Dr. Bastian's Latest Efforts Could Result in New Tests And Vaccines
A major door has been opened to researchers involved in work on Chronic Wasting disease (CWD), Mad Cow disease and Creutzfeldt-Jakob disease (CJD).
LSU AgCenter animal scientist Frank Bastian has developed a way to grow the bacteria that causes these diseases, which makes it possible to develop tests and vaccines for them.
Chronic wasting disease in deer has been in the news over the past 30 or so years and has been found to be epidemic in several western states and Canada.
CWD is a terminal disease found in elk, mule deer and white-tailed deer, moose, red deer and other animals in the cervid family and has been seen in 21 U.S. states, two provinces in Canada and is most likely to continue to spread, Bastian said.
CJD is the human form of these two diseases and is found often undiagnosed in 15 percent of the Alzheimer’s patients.
Bastian, who is a neuropathologist, has spent his career been working on these diseases since 1976, and is excited to know that his work is finally paying off in the form of a procedure that will allow him and others to grow the bacteria and therefore begin working on tests and possible vaccines.
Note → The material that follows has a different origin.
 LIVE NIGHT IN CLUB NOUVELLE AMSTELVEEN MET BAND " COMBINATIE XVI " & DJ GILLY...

“This is really exciting news because this allows me to work on the bacteria, while other laboratories with access to CWD-affected deer tissues can conduct research also,” he said. “We need more laboratories involved with this approach”.
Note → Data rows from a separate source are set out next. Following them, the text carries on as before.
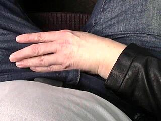 Girlfriend strokes handcuffed cock in car till cumshot
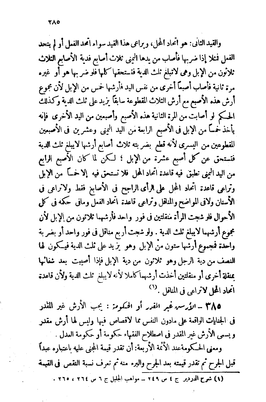 والقيد الثانى: هو اتحاد المحل، ويراعى هذا القيد سواء اتحد الفعل أو لم يتحد الفعل، فمثلاً إذا ضربها فأصاب من يدها اليمنى ثلاث أصابع فدية الأصابع الثلاث ثلاثون من الإبل وهى لا تبلغ ثلث الدية فتستحقها كلها، فلو ضربها هو أو غيره مرة ثانية فأصاب إصبعًا أخرى من نفس اليد فأرشها خمس من الإبل لأن مجموع أرش هذه الإصبع مع أرش الثلاث المقطوعة سابقًا يزيد على ثلث الدية. وكذلك الحكم لو أصابت من المرة الثانية هذه الإصبع وإصبعين من اليد الأخرى فإنه يأخذ خمسًا من الإبل فى الإصبع الرابعة من اليد اليمنى وعشرين فى الإصبعين المقطوعين من اليسرى لأنه قطع بضربته ثلاث أصابع أرشها لا يبلغ ثلث الدية فتستحق عن كل إصبع عشرة من الإبل؛ لكن لما كان الإصبع الرابع من اليد اليمنى تطبق فيه قاعدة اتحاد المحل فلا تستحق فيه إلا خمسًا من الإبل، وتراعى قاعدة اتحاد المحل على الرأى الراجح فى الأصابع فقط ولا تراعى فى الأسنان ولا فى المواضح والمناقل، وتراعى قاعدة اتحاد الفعل وما فى حكمه فى كل الأحوال فلو شجت المرأة منقلتين فى فور واحد فأرشهما ثلاثون من الإبل لأن مجموع أرشهما لا يبلغ ثلث الدية، ولو شجت أربع مناقل فى فور واحد أو بضربة واحدة فمجموع أرشها ستون من الإبل وهو يزيد على ثلث الدية فيكون لها النصف من دية الرجل وهو ثلاثون من دية الإبل، فإذا أصيبت بعد شفائها بمنقلة أخرى أو منقلتين أخذت أرشهما كاملاً لأنه لا يبلغ ثلث الدية ولأن قاعدة اتحاد المحل لا تراعى فى المناقل (¬1) .
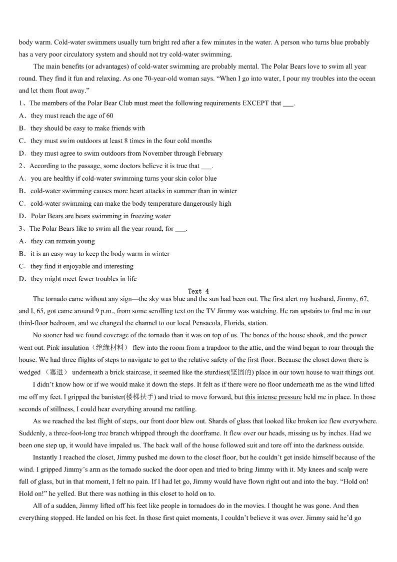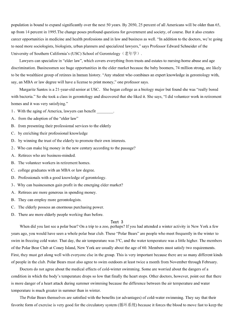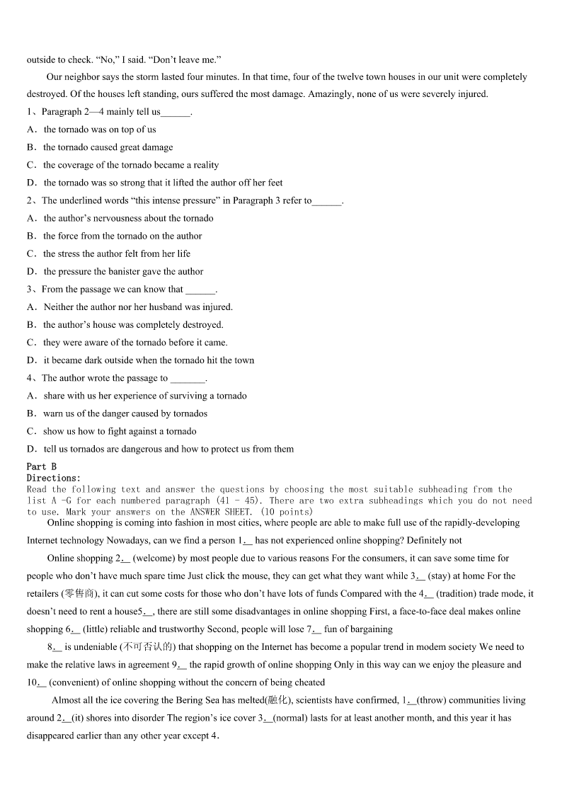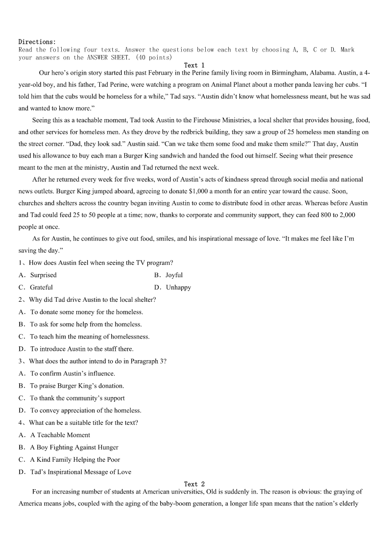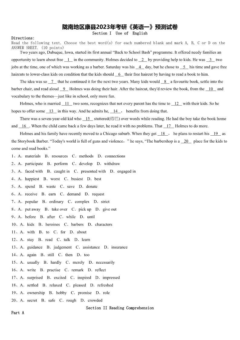 陇南地区康县2023年考研《英语一》预测试卷 SectionIUseofEnglish Directions: Readthefollowingtext.Choosethebestword(s)foreachnumberedblankandmarkA,B,CorDonthe ANSWERSHEET.(10points) Twoyearsago,Dubuque,Iowa,starteditsfirstannual“BacktoSchoolBash”programme.Itofferedneedyfamiliesan opportunitytolearnaboutfree1inthecommunity.Holmesdecidedto2byprovidinghelptokids.Hewas3two jobsatthetime,oneofwhichwasworkingasabarber.Saturdaywashis4day,buthechoseto5histimeandgavefree haircutstolowerclasskidsonconditionthatthekidsshould6theirfreehaircutbyhavingtoreadabooktohim. Theideawasso7thathecontinueditforthenexttwoyears.Manykidswould8afavouritebook,settleintothe barberchair,andreadaloud9Holmeswasdoingtheirhair.Afterthehaircut,they'dreviewthebook,fromthe10and vocabularytothethemes—justlikeinschool,onlymorefun. Holmes,whoismarried11twosons,recognizesthatnoteveryparenthasthetimeto12withtheirkids.Sohe hopestooffersome13inthisway.Andheadmitshe,14,benefitsfromdoingthat. Therewasasevenyearoldkidwho15stuttered(结巴)overwordswhilereading.Hehadtheboytakethebookhome and16.Whenthechildcamebackafewdayslater,hereaditwithnoproblems.That17Holmestodomore. HolmesandhisfamilyhaverecentlymovedtoaChicagosuburb.Whentheyget18,heplanstorestarthis19as theStorybookBarber.“Today'sworldisfullofgunsandviolence,”hesays,“Thebarbershopisa20placeforthekidsto comeandreadbooks.” 1、A.materialsB.resourcesC.methodsD.connections 2、A.participateB.performC.developD.withdraw 3、A.facedwithB.caughtinC.presentedwithD.engagedin 4、A.happiestB.worstC.busiestD.best 5、A.spendB.wasteC.saveD.donate 6、A.receiveB.earnC.demandD.request 7、A.popularB.ordinaryC.complexD.strict 8、A.putawayB.takeoverC.pickupD.giveout 9、A.beforeB.afterC.whileD.until 10、A.kidsB.heroinesC.barbersD.characters 11、A.withB.toC.forD.about 12、A.stayB.readC.talkD.learn 13、A.guidanceB.judgementC.assistanceD.insurance 14、A.againB.stillC.thenD.too 15、A.usuallyB.hardlyC.merelyD.necessarily 16、A.writeB.practiseC.remarkD.reflect 17、A.surprisedB.excitedC.inspiredD.impressed 18、A.settledB.relaxe
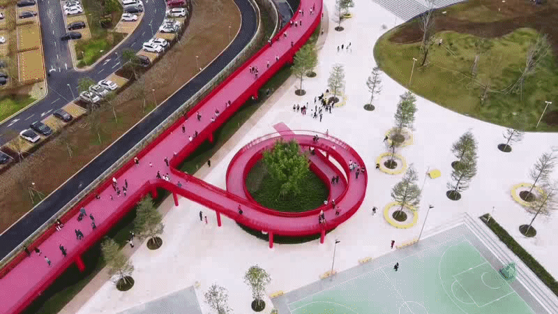 这座公园最有意思的设计,π桥得算一个。设计方在桥的栏杆上装点了小数点后2017位的数字,还呼应了公园开园的时间,甚至还将圆周率谱成诗歌,作为桥上的背景音乐呈现。
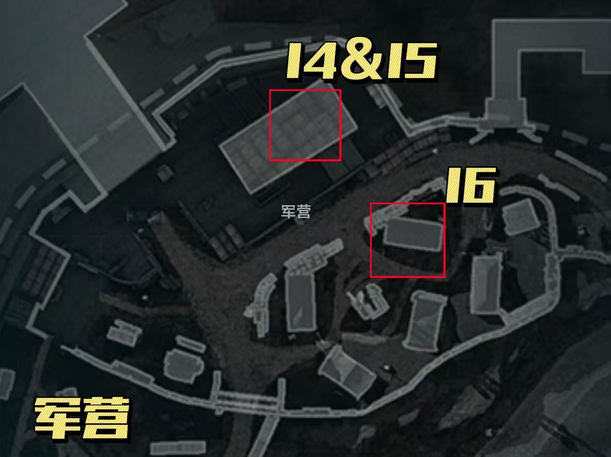 接下来我们直接来到军营的二楼,14号点位和15号点位离得比较近,找到床铺正对着的木头制大桌子(上面会刷小保险),渡鸦之眼就会刷新在桌子下方的空洞里,而另一个点位就在床铺边上红色塑料框内(面对着一个白色的小桌子);16号点位就在会刷大免保的帐篷里面,一个红色塑料筐和一个灰色的小盒子(货架旁边),渡鸦之眼会刷新在红色塑料筐内部。
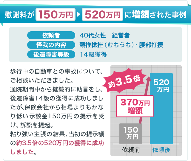 交通事故分野は、医療や保険など法律以外の知識も必要になり、弁護士の経験が問題解決の結果(示談金の額等)に影響しやすいです。
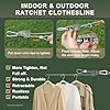 - Easy to Fasten Clothesline: This portable laundry line comes with 2 heavy-duty stainless steel climbing hooks and 2 ratchet wheels, enabling you to easily fasten this clothesline almost anywhere in seconds. such as indoors, outdoors, in the backyard, on the balcony, and so on
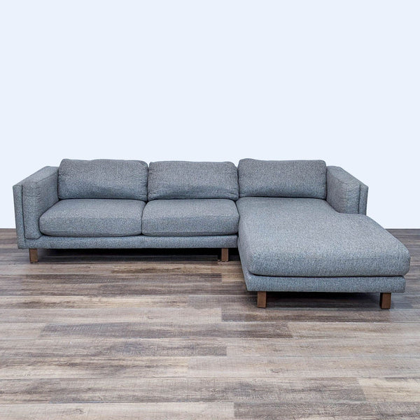 This 5- Piece Contemporary Dining Set by Crate & Barrel features the Pratico Grigio Expandable Dining Table and 4 Lowe Dining Chairs.
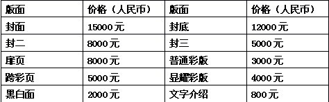 请柬:8000元∕万张,拱门:8000元∕展期,入场劵:8000元∕2万张, 参展证、参观证背面独家广告1万元。

For years, Bastian has been looking for ways to grow the bacteria in the lab with no success, but his recent breakthrough has microbiologists from the University of Alabama at Birmingham interested in joining in the research.
This research will be especially important for hunters because there is currently no way for a hunter to know whether his or her kill is infected with CWD. The animals for the first ten months of infection (incubation period) appear normal then abruptly develop the clinical signs of CWD and die in a few weeks.
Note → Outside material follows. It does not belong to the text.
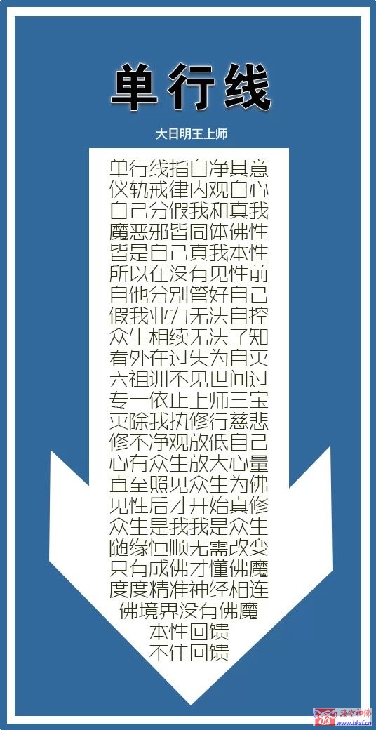 诸恶莫作,众善奉行,自净其意,是诸佛教。单行线,就是指佛法只针对自己内心的单向修法。永远是自净其意。自己,在佛法中分:真我和假我。假我就是世间众生认为的自己,一米多高的自己,一切的思维念头都围绕的这个自己。一切判断和视角都从这个自己出发。把自己困在:烦恼障和所知障中,自认聪明的定义了真实的轮回世界。这个我,不仅仅是严重的颠倒见,也是一切贪嗔痴慢疑心毒的毒根:我执。很多学佛人没有遵循单行线法则,违规逆行,违逆自然,迷失本性,越修心量越小,越修是非越多,越修烦恼越重,故而:地狱门前僧道多啊。而佛讲法,所说的魔也好,恶也好,邪也罢,都是说的真我本性,都是说的自己。正可谓圣人即说自,凡夫吓破胆。利用佛法造业,不仅使无明心毒火上浇油,更让其对佛法(善法)免疫,势不可挡,没有天敌,成为末日毒王。
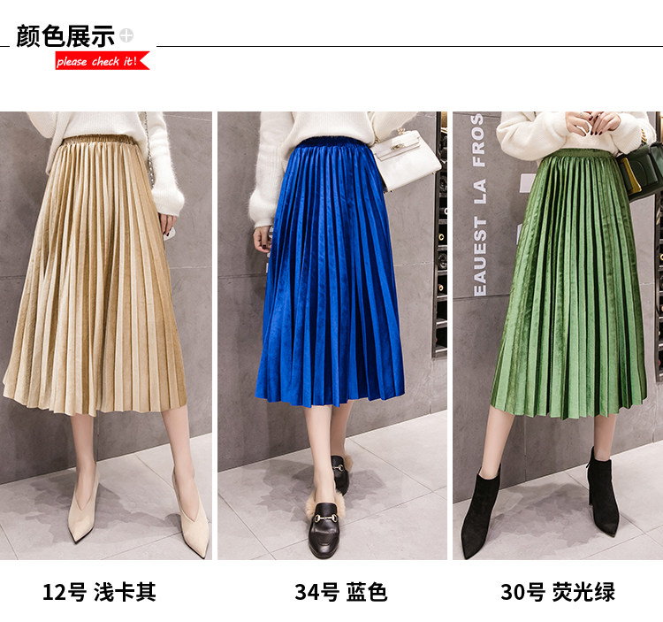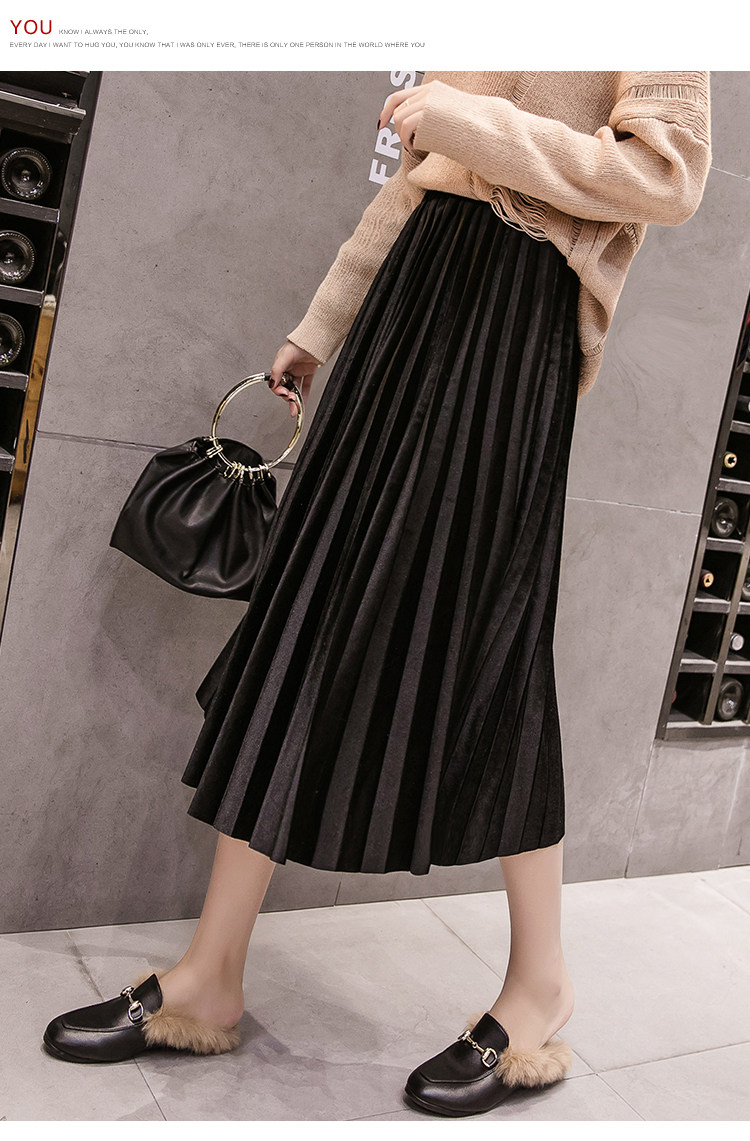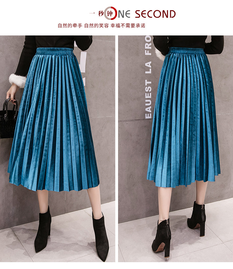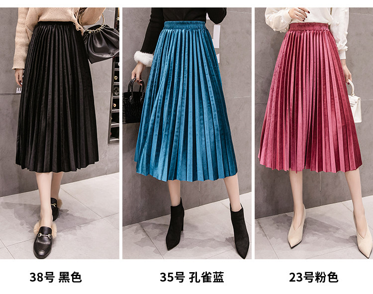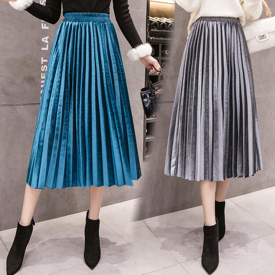 Ретро бархатная демисезонная длинная юбка, высокая талия, А-силуэт

“I would like to give hunters a test kit that they can carry in the woods so they can test their kill for presence of the bacteria while they are in the field,” he said. “Hunters need to know whether their kill is infected before they consume the meat.”
Most people infected with CJD are between 40 and 80 years of age and 90 percent of those infected die within a year, and most within a few weeks, Bastian said.
“We should be worried about these diseases, because there is a potential infection reservoir in CWD-infected deer populations,” he said.
Before this new discovery, the bacteria would only grow for about 10 hours, then die. So Bastian changed the medium used and that made the difference. Now he is able to grow 100 percent of the specimens.
“The problem that hunters face in eating potentially infected meat is that heat does not kill this bacteria,” he said. “85 degrees centigrade does not affect it and the bacteria survive up to boiling (100 degrees centigrade). This is significant because E.coli is dead at 80.” Temperature for roasting meat is 70 degrees centigrade (140 degrees Fahrenheit).
The ability to grow the organism makes it possible to generate data that can answer many of the questions that scientists have about these diseases.
At the present there is no cure or treatment for these diseases, but this breakthrough will allow researchers to begin the process of making discoveries for possible treatments and a cure.
“Tetracycline has been used as a treatment for the infection, but it has proven to only slow the activity of the bacteria,” Bastian said.
Bastian believes he is now realistically within a year or two of being able to produce a test that hunters can use to determine whether their kill is infected with CWD.